Patients’ clinical conditions were stratified according to the CCI, the SAPS II, the SOFA, and the Glasgow Coma Scale (GCS) [10]. Supplementary File 1 provided details about data collection.

2.3 Records Selection

Only local records were retired and anonymously stored on an electronic sheet (Microsoft Excel).

In the identification phase, we applied the following exclusion criteria:

  • Age < 18 years-old;

  • Patients with previous LOS > 15 days before ICU admission;

  • Transfer from other hospitals, ICU, sub-intensive and long-term care units;

  • Admission to ICU for palliative care and post-operative monitoring;

  • BMI > 60 kg/m2;

  • Suffering from AIDS.

Then, in the screening phase, we evaluated missing data. We considered the missing data as missing completely at random, and the observations were deleted.

2.4 Statistics

Supplementary File 1 reported details about statistics. A preliminary explorative examination of the records fulfilling our criteria was performed. Descriptive statistics were computed. Categorical data were reported as absolute numbers and percentages. Continuous data were reported as mean ± standard deviation or median and first-third quartiles [q1–q3], according to distribution (tested with the Shapiro–Wilk test).

For clustering, we used the alternative combination of CCI plus SAPS II and CCI plus SOFA. We chose these variables for two reasons: the first is that they are scores widely used in ICUs, and the second is that, as scoring systems, they allow the patient’s clinical conditions to be objectively defined. After the normalization of continuous variables [11], the optimal number of clusters (k) was estimated with the package NbClust (version 3.0.1) [12]. For partitioning, we used the Partitioning Around Medoids (PAM) algorithm [13].

Intercluster analysis was performed with proper tests and according to k number. The effect size between clusters and variables was analyzed by computing Pearson (r) or Spearman (ρ) coefficient for continuous variables or Cramer’s V coefficient for categorical variables [14]. According to the results, coefficients were interpreted as reported in Supplementary File 1. Survival analysis was performed with the Kaplan–Meier method. Median survival time and 28-day survival probabilities with 95% confidence interval (CI95%) were computed. The differences in survival rates among clusters were tested with the Peto-Peto test [15].

We performed multivariate logistic regression analysis to find the relationship between cluster membership and ICU mortality. We selected these variables: cluster, gender, BMI, time from in-hospital presentation to ICU admission, ward, clinical condition on ICU admission, and surgical and radiological procedure before ICU admission. The odds ratio (OR) with CI95% were computed.
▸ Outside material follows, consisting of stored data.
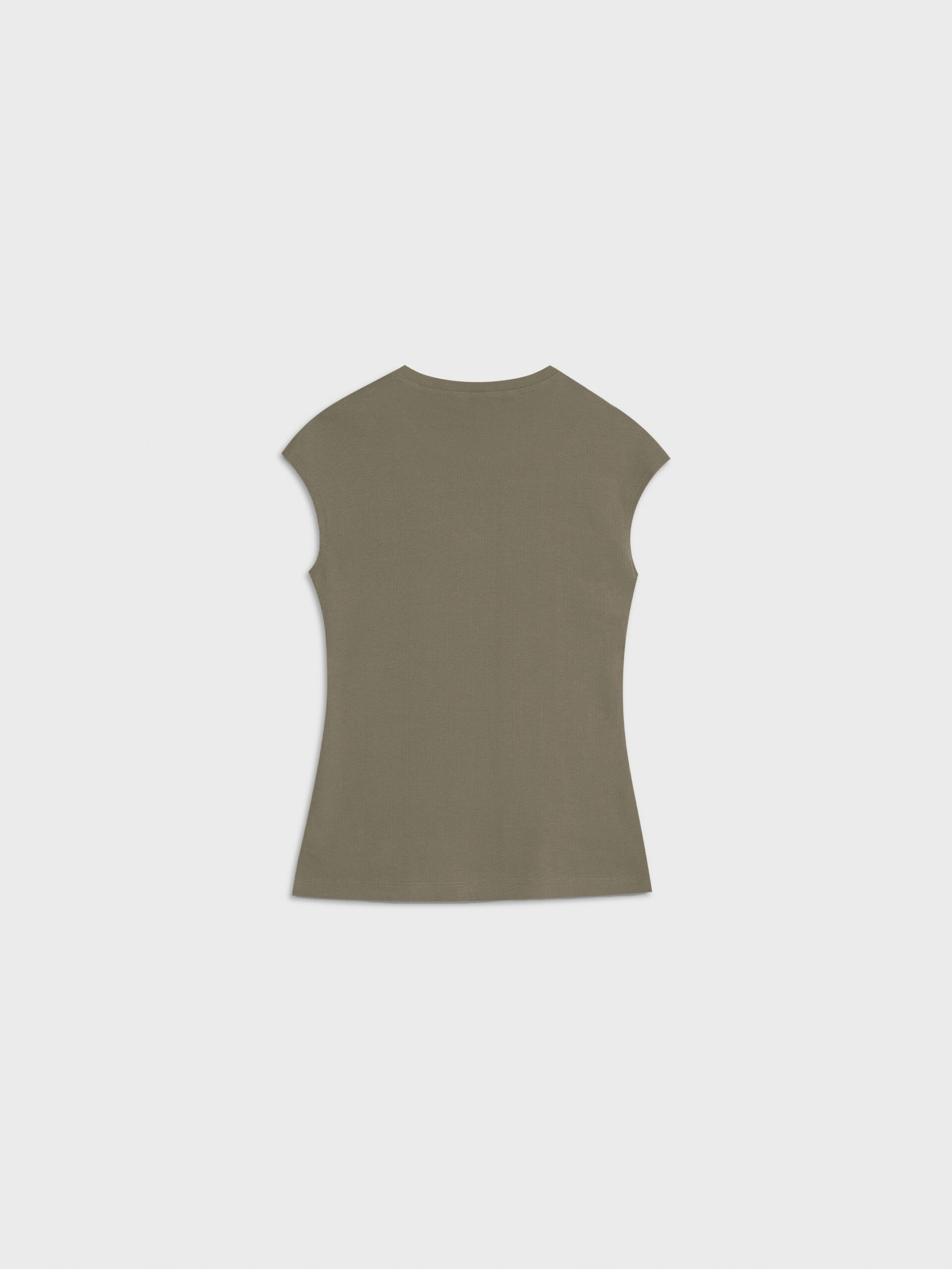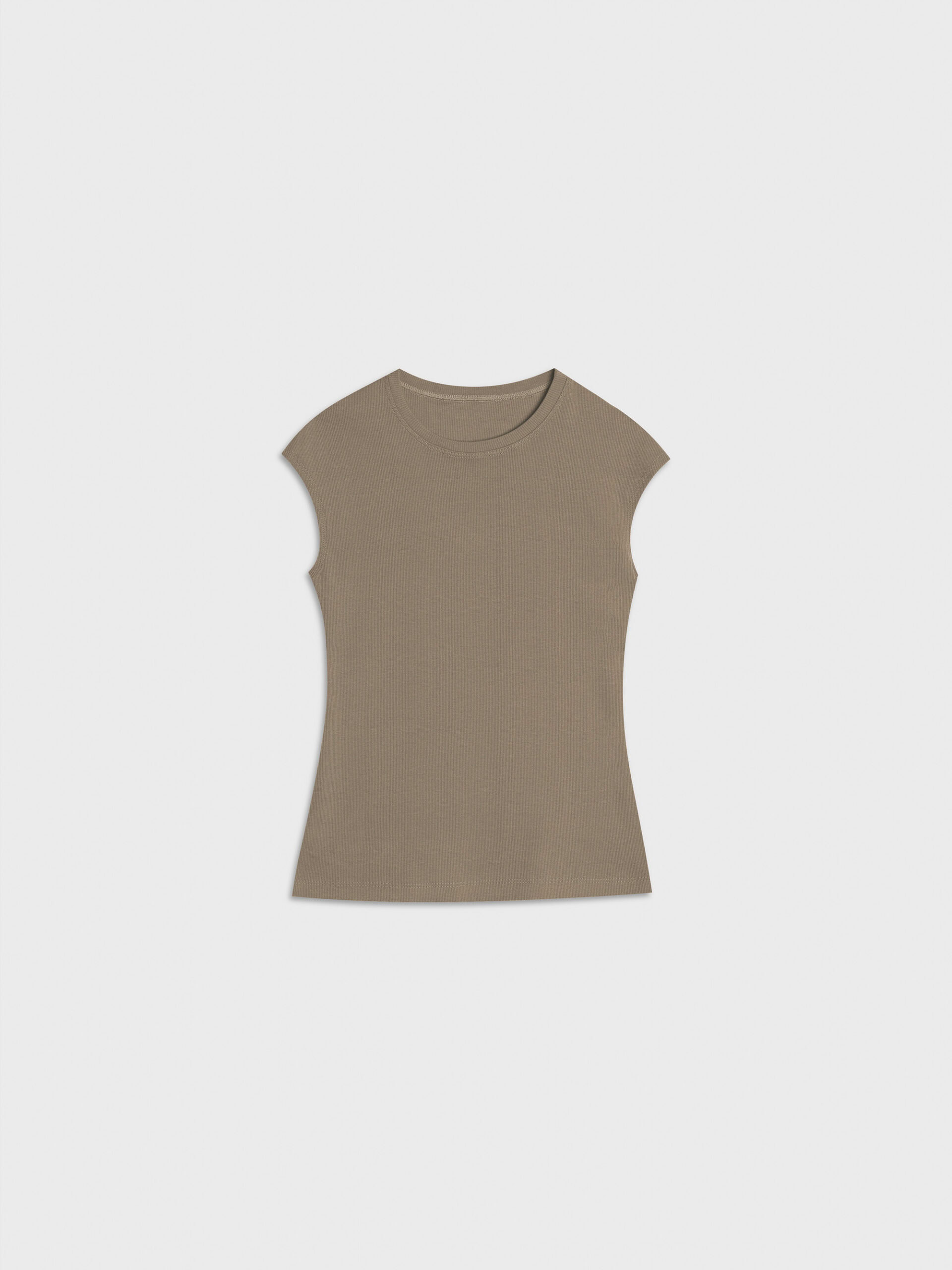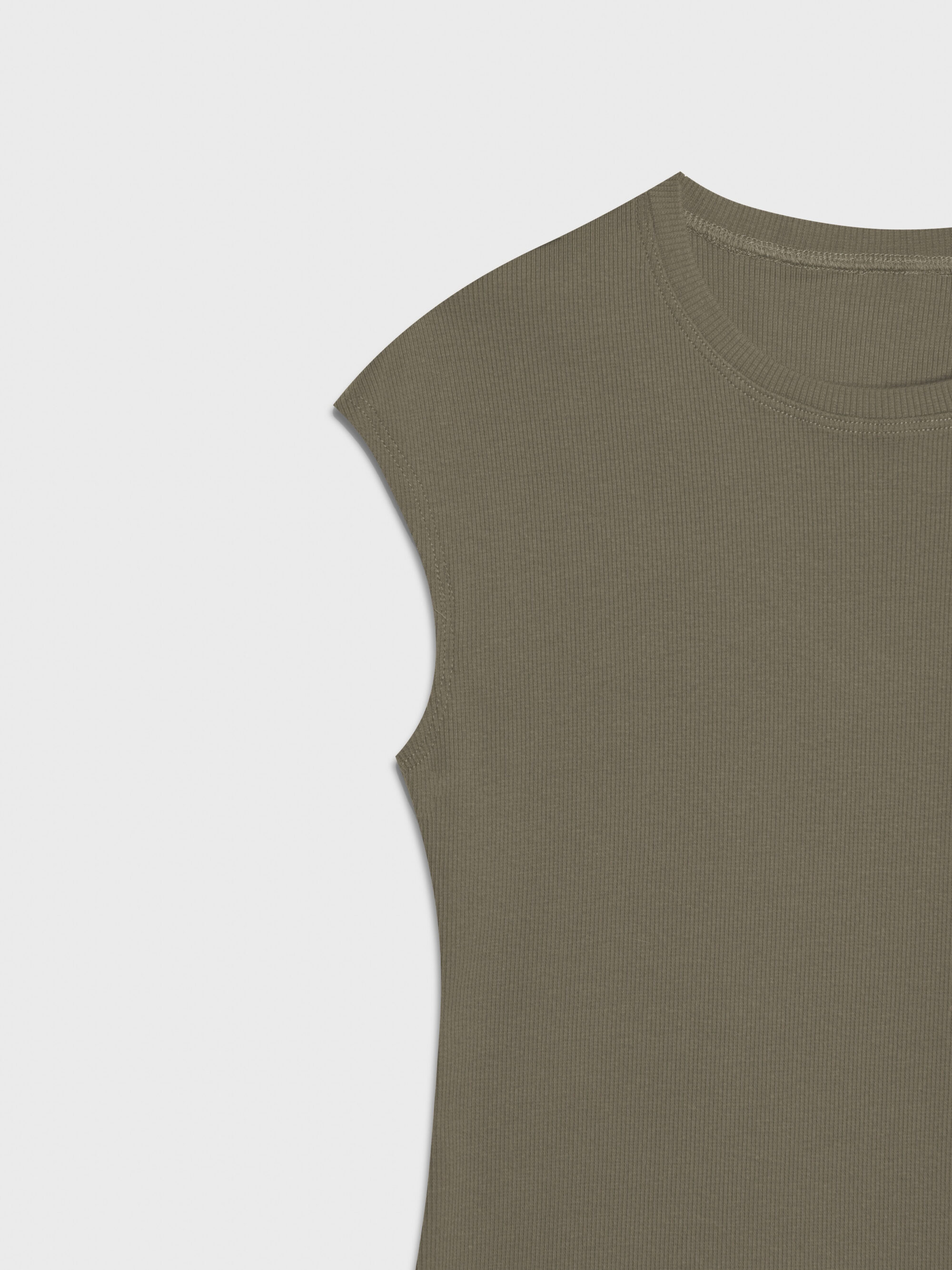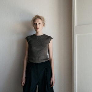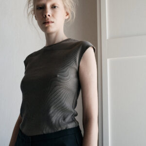 Dopasowana bluzka bez rękawów o minimalistycznym kroju. Idealny basic z zabudowanym dekoltem. Doskonale sprawdzi się zarówno w casualowej jak i w wieczorowej wersji. Może być też noszona jako baza pod marynarkę czy kardigan.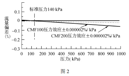 從圖2 中, 我們可以看出壓力對測量準(zhǔn)確度的影響:當(dāng)工藝壓力增大, 會使流量計產(chǎn)生一個負向偏差, 表現(xiàn)為流量顯示值比實際值偏小;當(dāng)壓力減小時, 會使流量計產(chǎn)生一個正向偏差, 表現(xiàn)為流量顯示值比實際值偏大。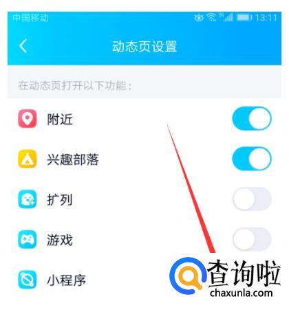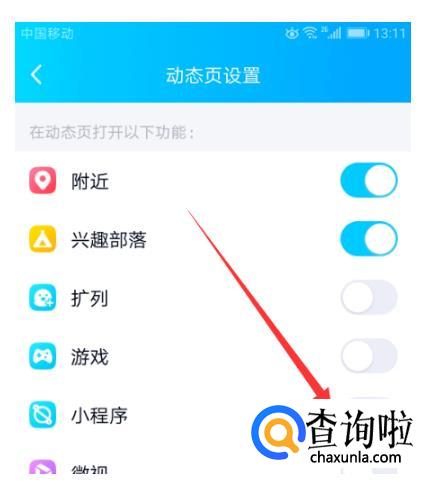 这样就可以打开动态页界面设置选项,然后找到小程序选项,点击后面的按钮即可。

Clustered models were compared with the no-clustered model (model 1). For nested models, the difference in deviance was tested with Likelihood Ratio Tests (LRT). If the difference in deviance was not statistically significant, the simplest model was selected based on the parsimony principle. To evaluate the balance between complexity and data fit for non-nested models we used the Akaike Information Criterion (AIC) and Bayesian Information Criterion (BIC). The Receiver Operating Characteristic (ROC) curve was plotted to evaluate the model’s predictive performance. The Area Under Curve (AUC) and CI95% were computed with the DeLong method [16]. Sensitivity (Se) and specificity (Sp) with CI95% were also computed. The differences between AUCs were tested.

With the best predictive model, we developed a simple decision algorithm to predict the patient’s cluster membership with the CART algorithm [17] (Supplementary File 1). Since our goal was to provide an easy-to-use algorithm, we chose a split number of 3 nodes in the pruning phase. The authors believe an excessive number of nodes, beyond the probable overfitting, can be interpreted as complex. The effectiveness of the decision model was evaluated with the confusion matrix. Accuracy, with CI95%, unweighted Cohen’s Kappa, Se, Sp, positive (PPV), and negative (NPV) predictive values were computed.

R-Studio (Posit Software© 2009–2023, version 2023.03.1) was used for the analysis. Two-tailed p-values < 0.05 were considered significant for all hypotheses, with α = 0.05. For multiple comparisons, the p-value was adjusted using the Bonferroni correction. Data are reported in tables and plots.

3 Results

3.1 Population Characteristics

From 1st January 2011 to 16th September 2022, 4723 patients were admitted to ICU. Applying exclusion criteria and removing missing data (Fig. 1), the preliminary descriptive analysis was performed on 2605 observations (Table 1).

Fig. 1
figure 1

Flow chart for records selection. From the 1st of January 2011 to the 16th of September 2022, 4723 observations were retrieved. Once the exclusion criteria were applied, 2877 observations were screened for missing data. Missing data were considered as missing completely at random, and observations were removed. For the analysis, 2605 records were included

Table 1 The table shows the main population characteristics (2605 observations)

Briefly, 1543 patients (59.2%) were male, with a median age of 70.0 years [57.0–80.0] and a BMI of 25.1 kg/m2 [22.1–27.8]. The median time from in-hospital to ICU admission was 0.0 days [0.0–2.0]; 1078 patients (41.4%) came from the emergency department, 915 (35.1%) from surgical, and 612 (23.5%) from medical wards. The medians CCI, SAPS II, SOFA, and GCS were 4.0 [2.0–7.0], 67.0 [51.0–85.0], 10.0 [7.0–13.0], and 5.0 [5.0–9.0], respectively.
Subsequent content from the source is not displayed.